On the one hand, there is an interpretation that I would call “a hermeneutic of discontinuity and rupture”; it has frequently availed itself of the sympathies of the mass media, and also one trend of modern theology. On the other, there is the “hermeneutic of reform”, of renewal in the continuity of the one subject-Church which the Lord has given to us. She is a subject which increases in time and develops, yet always remaining the same, the one subject of the journeying People of God.

The hermeneutic of discontinuity risks ending in a split between the pre-conciliar Church and the post-conciliar Church. It asserts that the texts of the Council as such do not yet express the true spirit of the Council. It claims that they are the result of compromises in which, to reach unanimity, it was found necessary to keep and reconfirm many old things that are now pointless. However, the true spirit of the Council is not to be found in these compromises but instead in the impulses toward the new that are contained in the texts.

These innovations alone were supposed to represent the true spirit of the Council, and starting from and in conformity with them, it would be possible to move ahead. Precisely because the texts would only imperfectly reflect the true spirit of the Council and its newness, it would be necessary to go courageously beyond the texts and make room for the newness in which the Council’s deepest intention would be expressed, even if it were still vague.

In a word:  it would be necessary not to follow the texts of the Council but its spirit. In this way, obviously, a vast margin was left open for the question on how this spirit should subsequently be defined and room was consequently made for every whim.

The nature of a Council as such is therefore basically misunderstood. In this way, it is considered as a sort of constituent that eliminates an old constitution and creates a new one.

This, friends, points in the direction of the foundational ideas of the progressivist attacks on the people who want Traditional sacred liturgical worship.

Eventually the progressivists want to sweep aside Catholic moral teaching, discipline, and worship.  Those who desire traditional sacred worship stand in the way of those objectives.  This is because “we are our rites”.  Worship is doctrine.  It is our identity.  Therefore, people who want traditional worship must be shoved to the periphery and … over it.

Here is the core of the progressivist complaint against “trads” and, indeed, conservatives in general whom they claim are “against Vatican II”.  That’s the constant accusation isn’t it?

Here is the connection with Benedict XVI’s 2005 talk, which Beans mentioned above.  Beans gave us the compass for their map.

NB: Benedict XVI’s Christmas Curia talk was a critique of German Jesuit Karl Rahner’s thoughts about the Council, which are the essential fuel driving what progressivists are doing today to bring about their goals, the approval of all manner of innovation from the transformation of the Church into a global NGO to the approval of sodomy.

Beans’ tweet, above, accuses Benedict of not knowing what he was talking about in his own talk.  But Benedict’s talk was a criticism of Rahner’s view of the Council.  Ergo….!

… we must turn our attention to that monumentally important figure for theology in the second half of the last century, Fr.
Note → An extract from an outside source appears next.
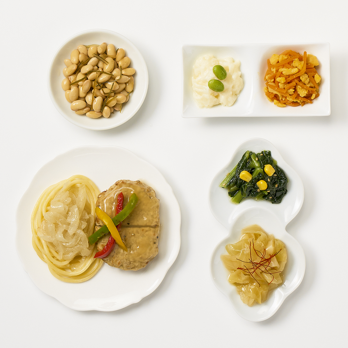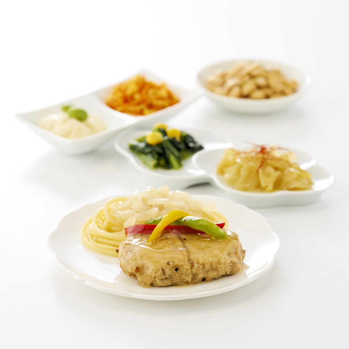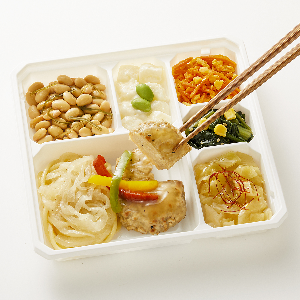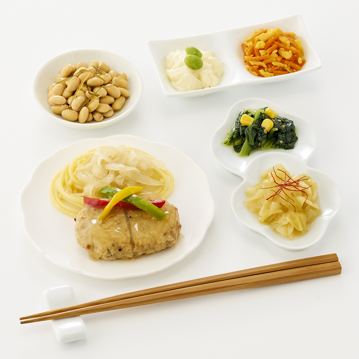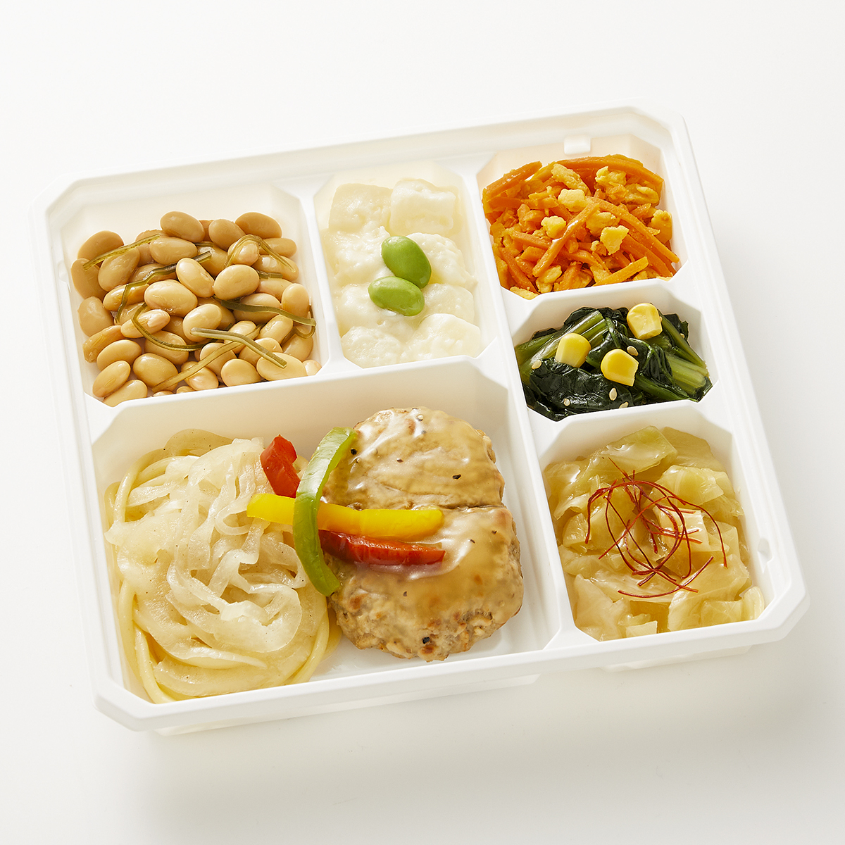 | 原材料名 | ハンバーグ(国内製造)、水煮大豆(カナダ産)、玉ねぎ(日本産)、キャベツ、スパゲティ、ポテトサラダ、小松菜、人参、ピーマン、卵、半固体状ドレッシング、醤油、こんぶ加工品、枝豆、砂糖、とうもろこし、発酵調味料、植物油、みりん風調味料、ごま、調合ごま油、醤油だし、食塩、糸唐辛子、粉末調味料、還元でん粉加水分解物、黒胡椒/増粘剤(加工でん粉、増粘多糖類)、調味料(アミノ酸等)、pH調整剤、リン酸塩(Na)、酵素、酸化防止剤(V.E、チャ抽出物)、香辛料、酸味料、香料、着色料(ココア)、酢酸、酒精、(一部に小麦・卵・乳成分・牛肉・ごま・さば・ゼラチン・大豆・鶏肉・豚肉・りんごを含む) | ||

Karl Rahner, SJ (what else).

To keep this short, here is Rahner’s understanding of Vatican II. 

In 1979 Rahner published an article in Theological Studies called “Towards a Fundamental Theological Interpretation of Vatican II”.  For Rahner, Vatican II constituted a unique event, tantamount to the foundational “Apostolic” Council of Jerusalem recounted in Acts 15 which, among other concrete issues, dealt with the nascent Church being comprised of both Jews and Gentiles.  For Rahner, Vatican II was unique in the sense that the Council of Jerusalem was unique, beginning a new era in the Church.  No other Council was like it.   The Council of Jerusalem brought in the Gentiles in a way that made the Church essentially Judeo-Hellenic in the Roman world, thus leading to centuries of Eurocentric or Western cultural domination of the Church.  Vatican II, for Rahner, shattered that framework, transforming the Eurocentric Church into a “world Church”.

Moreover, Vatican II was such a titanic and dynamic event that it is ongoing.  Hence the “impulses”, which Benedict mentioned, are still at work in the ongoing “spirit” of Vatican II.   Rahner reiterated his notions about Vatican II in a 1979 talk at the Weston School of Theology in Cambridge, MA, where he argued that Vatican II was the self-actualization of a “world Church”, no longer predominantly Eurocentric, but now influenced and even steered by the Southern Hemisphere, etc.
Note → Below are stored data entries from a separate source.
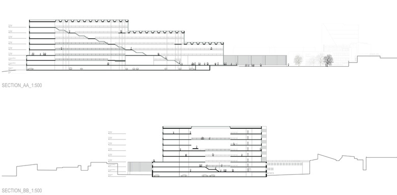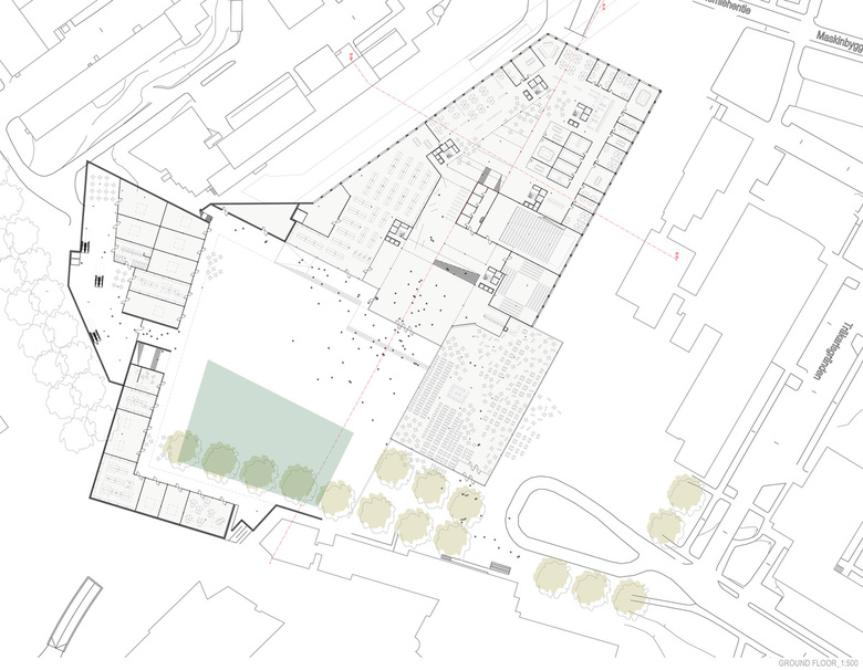 Die Situierung des Gebäudes inmitten des freien Raums betont das für den Campus charakteristische Prinzip der die verschiedenen Cluster durchfliessenden Landschaftsräume.Der von den Architekten vorge- schlagene zentrale Platz bindet die neuen und alten Bauten zusammen und lässt dank seiner leicht abgesenkten Lage den offenen Land- schaftsraum durch das neue Zentrum des Campus fliessen. Der Platz ist Schnittstelle zwischen Campus und Metrostation. Um ein Geschoss tiefer in die abfallende Topographie integriert, gelangt man direkter von der Metrostatiom ins Freie. Arkaden mit Cafés, Bars oder Geschäften säu- men den Platz und machen ihn, geschützt vor Wind, zum Mittelpunkt des gesamten Campus. Im Winter dienen die Arkaden als wettergeschützte Wegverbindungen zwischen den verschiedenen Campusgebäuden. Der Platz selber kann als Eisbahn genutzt werden.
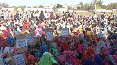 मुआवजा नहीं मिलने से नाराज किसानों-आदिवासियों का प्रदर्शन
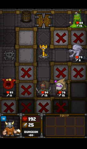 和“扫雷”一样,Dungelot 开始进行游戏的时候,玩家需要一个个将棋盘上的方块消除,不过一不小心就会将骷髅兵、蝙蝠等怪物给“扫”出来,这个时候,玩家所扮演的英雄需要将这些怪物打倒才能继续将方块消除,找到那把过关用的“金钥匙”。
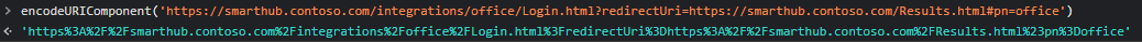 Action: "return window.location = 'https://smarthub.contoso.com/integrations/office/Login.html?redirectUri=https%3A%2F%2Fsmarthub.contoso.com%2FResults.html%23pn%3Doffice'",

At the Council of Jerusalem, they had to cope with a shift from a monocultural Church to one that embraced many cultures.  Vatican II was another tectonic shift, opening to the whole world and, indeed, letting in the whole world.  That has implications, of course.  How does such a Church embrace such diversity and still remain the same Church, handed down in continuity?  What is inculturation?  What if there are conflicts with the world’s ways in culture X or Y?

The progressives, imbued with Rahner’s notion of the Council as a unique and ongoing event, a reimagining of the Church as it were, claim themselves to be justified not just to interpret but to reinterpret all of the Church’s history, liturgy, doctrine and discipline

Because they stand not on the texts of the Council but the “impulses” they derive from the texts and the “spirit” of those impulses, and because Vatican II is “ongoing”, everything that the Church does in Cult (worship), Code (disciple) and Creed (doctrine) is subject to abolition, transformation, etc. according to the needs of the world.

It makes no difference that John XXIII at the opening of the Council said in his “Gaudet Mater Ecclesia” speech, that this Council, Vatican II, required the same accuracy and precision as Trent and Vatican I, or that certain and immutable doctrines, though expressed in new terms, must remain with their meaning preserved intact.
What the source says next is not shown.